Are you on the hunt for big returns? If you are then it could be worth looking at the ASX All Ords shares listed below.
That's because they have just been named as buys by analysts at Bell Potter and tipped to rise 16% to 40%.
Here's what the broker is saying about these stocks:
Domain Holdings Australia Ltd (ASX: DHG)
Bell Potter was pleased with this property listings company's quarterly update. Particularly given that listings are improving after a difficult period. It said:
Observed sales and total Buy listings data points on respective residential listings platforms have affected a reversal since flattening in March. Trends into Q4 appear to support growing new Buy listings for DHG based on increased total Buy listings (89% from 86% in Feb) improving concurrently with total R1m sales (86% from 66% in Feb) relative to REA which potentially imply DHG listings are gaining against its competitor via new listings replenishing sold stock at a quicker rate.
In light of the above, the broker has lifted its earnings per share estimates and is now forecasting an "adj. EPS CAGR of ~26% b/w FY24-26."
Bell Potter has retained its buy rating and $3.75 price target on the ASX All Ords share. This implies a potential upside of 16% for investors.
Develop Global Ltd (ASX: DVP)
Another ASX All Ords share that has been given the thumbs up by Bell Potter on Wednesday is Develop Global.
It is a mineral exploration company with a focus on future-facing metals. In addition, it is a mining services provider that is currently working on the underground development of the Mt Marion Lithium Mine owned by Mineral Resources Ltd (ASX: MIN).
Bell Potter was reasonably pleased with a recent scoping study from the Pioneer Dome lithium project, noting that it "appears conservative." Which is always a good thing when valuing a project based on forecast commodity prices. It said:
We believe the Study applies conservative average LOM SC6 price forecasts of US$1,393/t. Long-term SC6 prices applied to our Pioneer Dome asset model are US$1,600/t, yielding an unrisked NPV(10.5% real) of A$273m. For context, using the Study price outlook in our model yields an unrisked NPV(10.5% real) of A$215m.

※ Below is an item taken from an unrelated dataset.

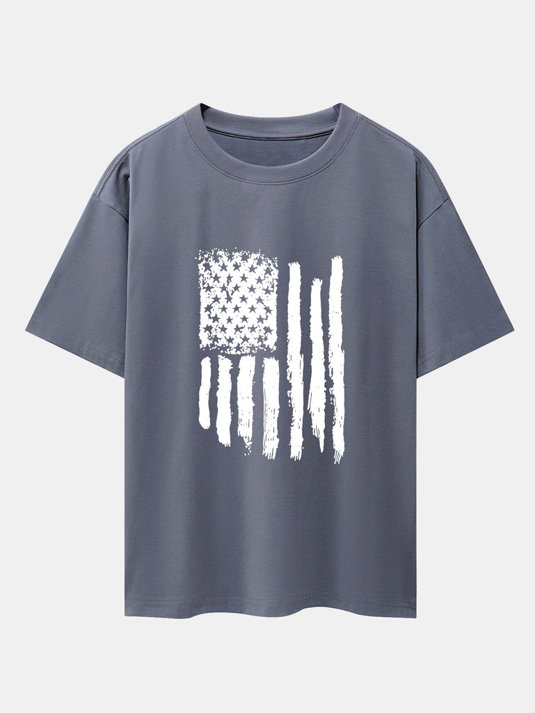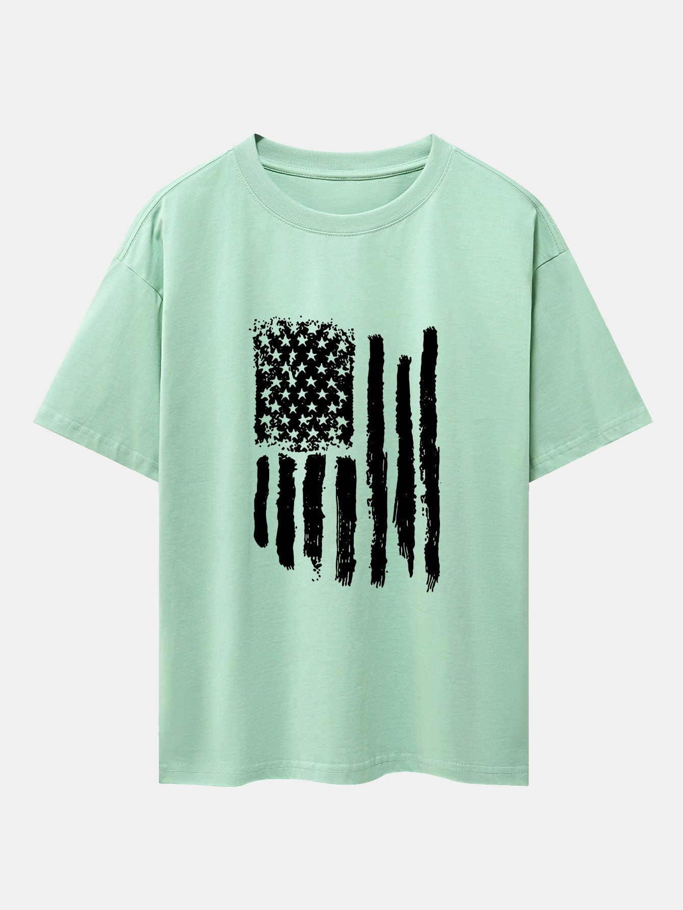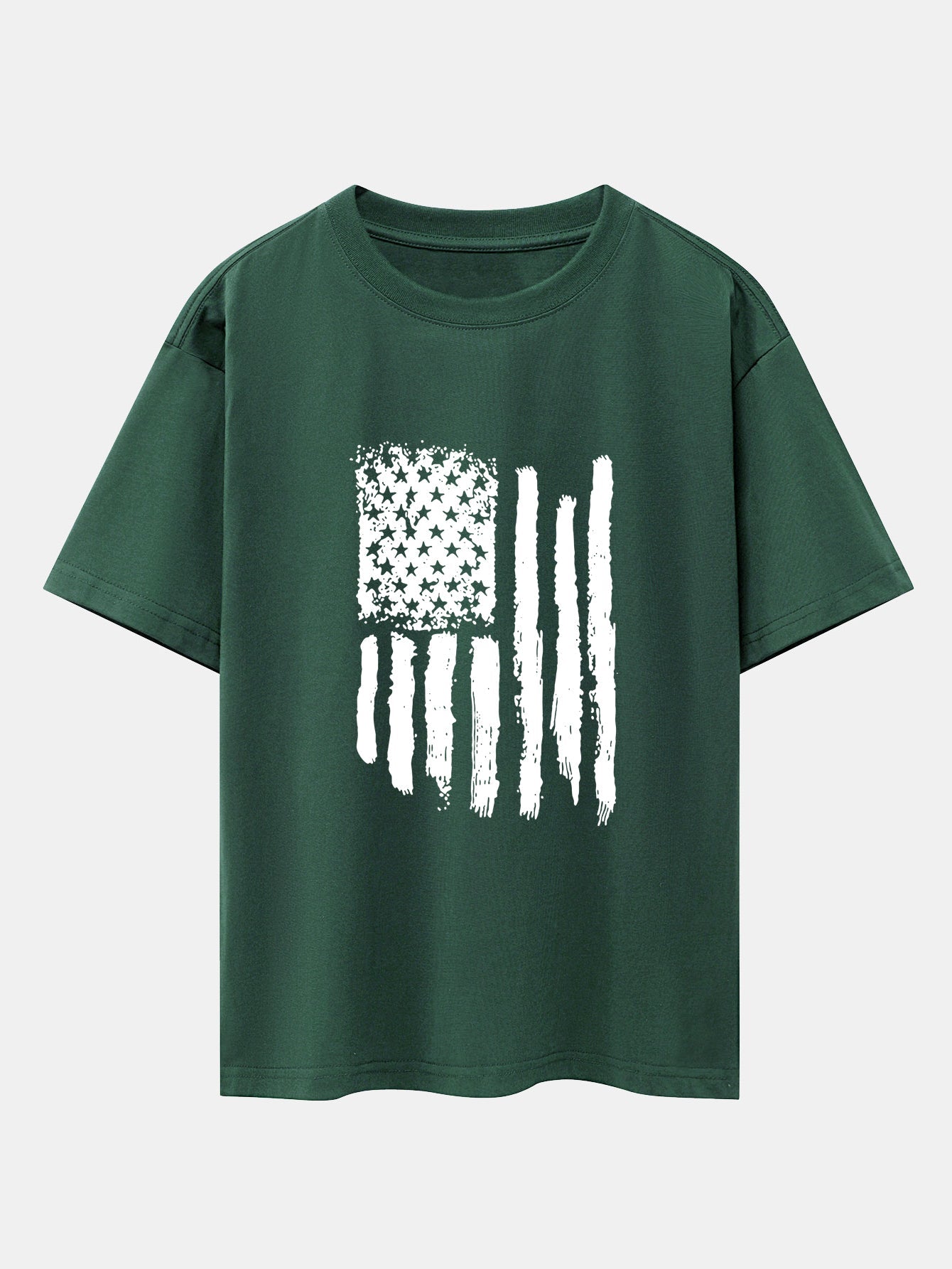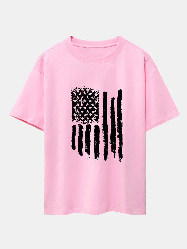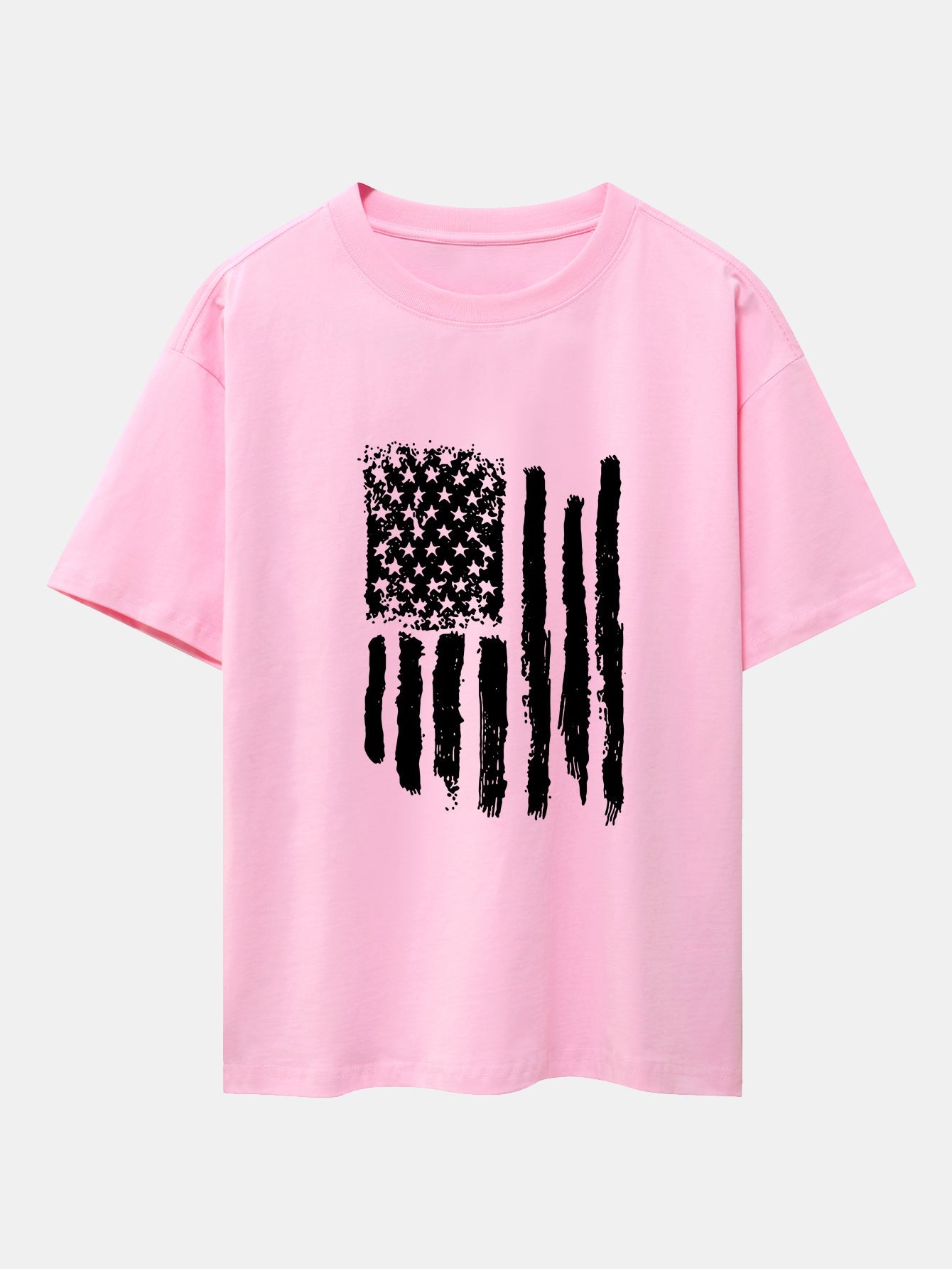 American Flag Print Drop Shoulder Oversize T-Shirt

Outside this, the broker believes the company is well placed for growth thanks to the development of another project, the Woodlawn Zinc-Copper Mine. It said:
DVP are advancing multiple critical mineral projects simultaneously, with each development representing an opportunity to transform the company's earnings and FCF generation. The most advanced of these projects, Woodlawn, is expected to recommence production in 1H CY25; FID and announcement of a financing package are important upcoming catalysts.
Bell Potter has a buy rating and a $3.20 price target on the ASX All Ords share. This implies a potential upside of 36% for investors.